Available at: http://digitalcommons.calpoly.edu/theses/947
Date of Award
MS in Agriculture - Dairy Products Technology
Coffee is a popular and well-loved beverage consumed worldwide by millions of people every day. While most patrons of coffee do so because of its unique and satisfying taste, consumers may be unaware of the potential beneficial health effects it also imparts. The antioxidants found in green coffee beans collectively known as chlorogenic acids (CGA) and caffeine are two of the most abundant bioactive compounds present in coffee. Both these bioactive compounds have been implicated in many studies to impart a wide range of health benefits, from reducing the risk of Type 2 diabetes, to their use as aides in weight management. Indeed, epidemiological studies on people who consume moderate amounts of coffee on a regular basis have unanimously shown benefits to overall health.
While caffeine and CGA are naturally occurring compounds in coffee, their potential in conferring beneficial health effects warrant research into other potential food matrixes that can be used to bind and deliver these bioactive compounds into foods that do not naturally contain them. Milk proteins, specifically caseins, have been shown to be excellent vehicles to both bind and deliver sensitive bioactive compounds of various chemical and physical properties. Caseins have been shown in numerous studies to successfully bind to molecules such as vitamin D2, ω-3 polyunsaturated fatty acids (DHA), and iron to name a few. Because caseins exhibit high versatility in binding a variety of molecules, caseins were the milk protein of choice for the experiments in this thesis.
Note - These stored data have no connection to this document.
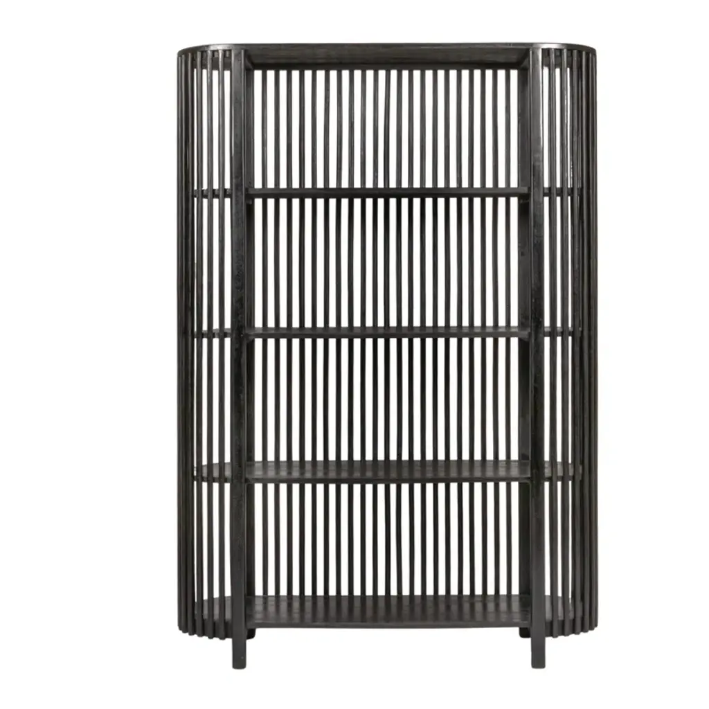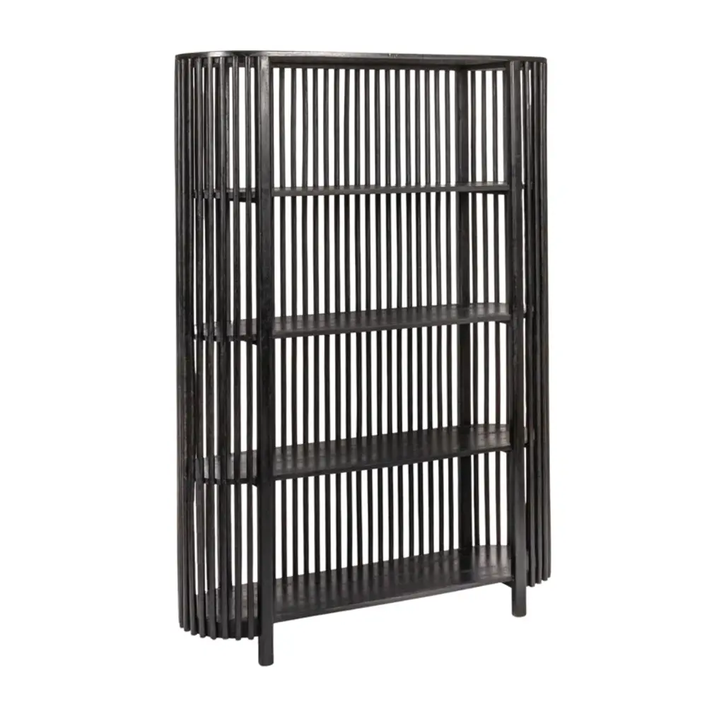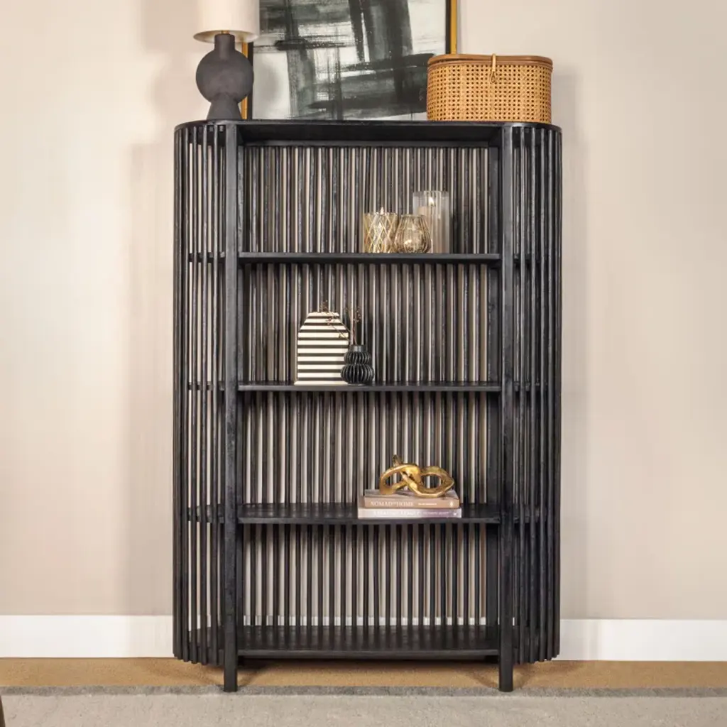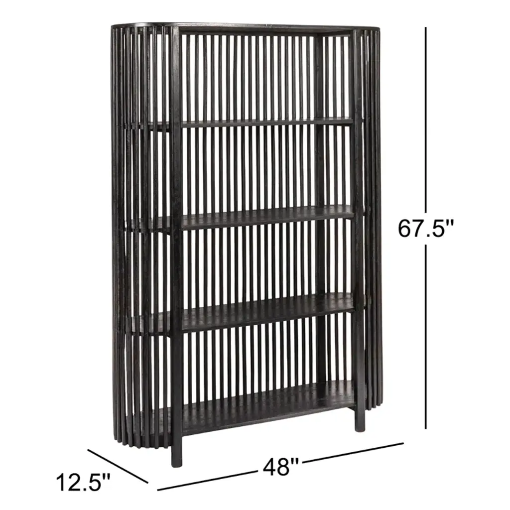 This rustic bookcase showcases a slatted design that offers a charming spot for your favorite reads and home decor. Made from solid mango wood, it features four spacious shelves that provide ample room for showcasing your book collection and decorative accents. The vertical orientation and warm wood finish make this piece an eye-catching addition to any room. With a 55 lb. shelf weight capacity, you can confidently display your cherished items on this freestanding bookcase.
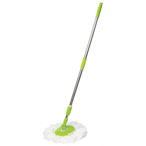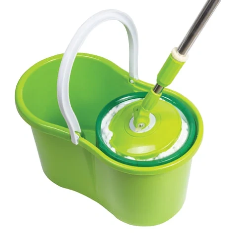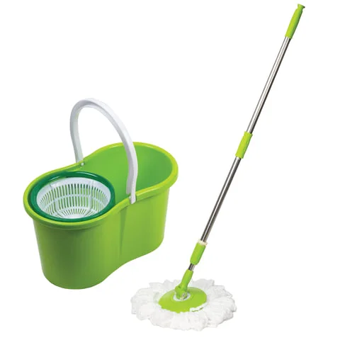 В набор входят: ведро с системой отжима, швабра с круглой насадкой из микрофибры и запасная насадка. Отжим осуществляется нажатием ручки по направлению вниз. Круглая платформа, на которой крепится МОП, вращается относительно оси ручки, что позволяет производить уборку в труднодоступных местах (например, под мебелью). Отжим - центрифуга, приводящаяся в действие нажатием на ручку швабры. Объем ведра из пластика - 7/5 л. Рукоятка телескопическая, позволяет подобрать наиболее удобную длину. Моющий элемент МОПа из микрофибры — чистит без моющих средств. Комплект выполнен в зеленом цвете.
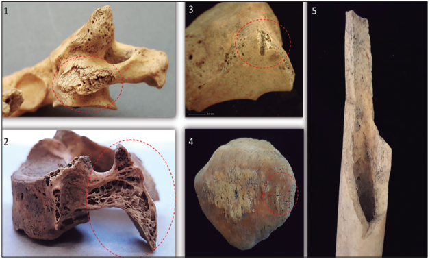 Figura 5 1: Atlas con desprendido; 2: Tercer cervical con corte de hueso; 3: Tercer cuña derecha con aplastamiento; 4: Patela con cortes sobre hueso; 5: Diáfisis de húmero con fractura del eje y exposición térmica indirecta. Fotos de Judith Ruiz.
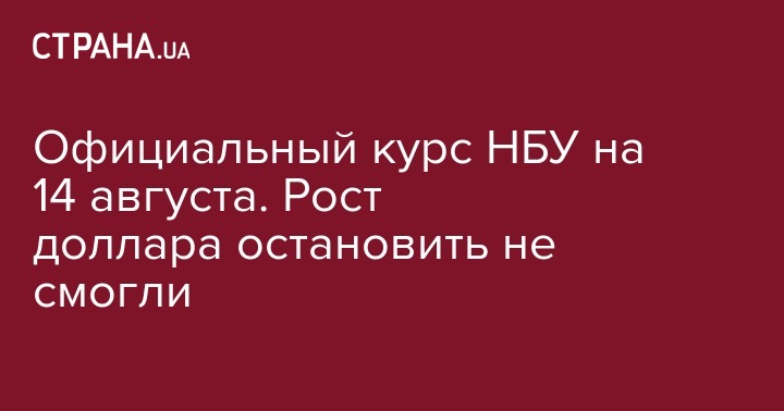 Национальный банк Украины (НБУ) установил официальный курс основных валют на 14 августа 2018 года. По сравнению с предыдущим банковским днем, 13 августа, регулятор ослабил курс национальной валюты до 27,34 гривен за доллар. Об этом свидетельствуют данные на сайте ведомства.
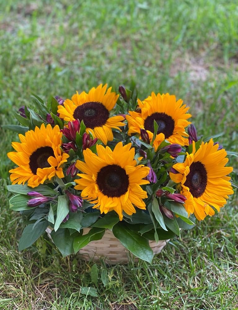 Корзина с цветами «Подсолнухи и альстромерии»
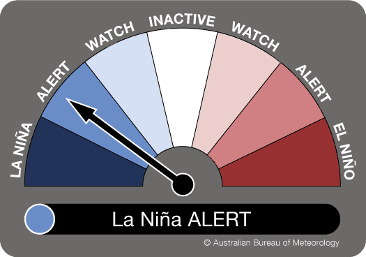 En Australie, le Bureau of Meteorology a émis une alerte concernant une probabilité de 70% que le phénomène de La Niña soit déclaré d'ici la fin de l'année, soit seulement la 3ème fois que ce phénomène se produit durant l'été durant 3 années consécutives.
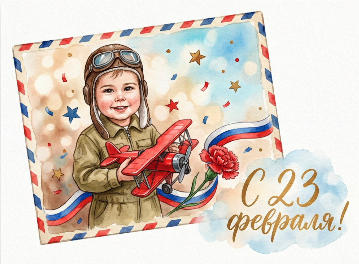 Акварельно-живописный детский постер в стиле «маленький авиатор»: улыбающийся ребёнок в кожаной лётной шапке с очками, в хаки-костюме, держит яркий красный игрушечный самолёт. Рамка конверта «авиапочта» (красно‑синие уголки), звёздочки, конфетти, ленточка триколора, красная гвоздика. Тёплый свет, мягкое боке, лёгкая фактура акварели, чистая белая подложка-открытка с тенью. Крупная каллиграфия: «С 23 ФЕВРАЛЯ!» внизу справа; Без оружия, без агрессии, максимально дружелюбно. Палитра: тёплые коричневые и кремовые, яркий красный, немного голубого.

Polyphenols have been the subject of many studies on its binding capacity with milk proteins, but research on the binding capacity of caffeine with caseins is limited. Therefore, the objectives of this thesis are threefold: 1) develop, optimize and validate an HPLC method for the accurate and simultaneous determination of caffeine and CGA, 2) establish a procedure by which caffeine and CGA bind to sodium caseinate, and 3) determine the optimal treatment conditions of pH and temperature to increase binding interactions and speculate on the mechanism of binding for each bioactive compound.
A reversed phase HPLC (RP-HPLC) method was developed and subjected to validation studies with good results in linearity (caffeine R2 = 0.9992, CGA R2 = 0.9995) and precision (RSD of caffeine <1%, RSD of CGA <2%). The developed method also demonstrated selectivity for caffeine and CGA. This method was then used to analyze sodium caseinate samples containing caffeine and 5-CGA. The results from these studies have shown that binding interactions between caffeine and sodium caseinate are temperature dependent (p < 0.01) whereas binding interactions between CGA and sodium caseinate are influenced by both pH and temperature (p < 0.01). Elucidating the binding mechanisms of caffeine and CGA to sodium caseinate and providing a sensitive analytical technique by which these compounds can be accurately quantified may facilitate future research involving the use of caffeine and CGA in many other facets, as well as promoting its increased use in the dairy industry.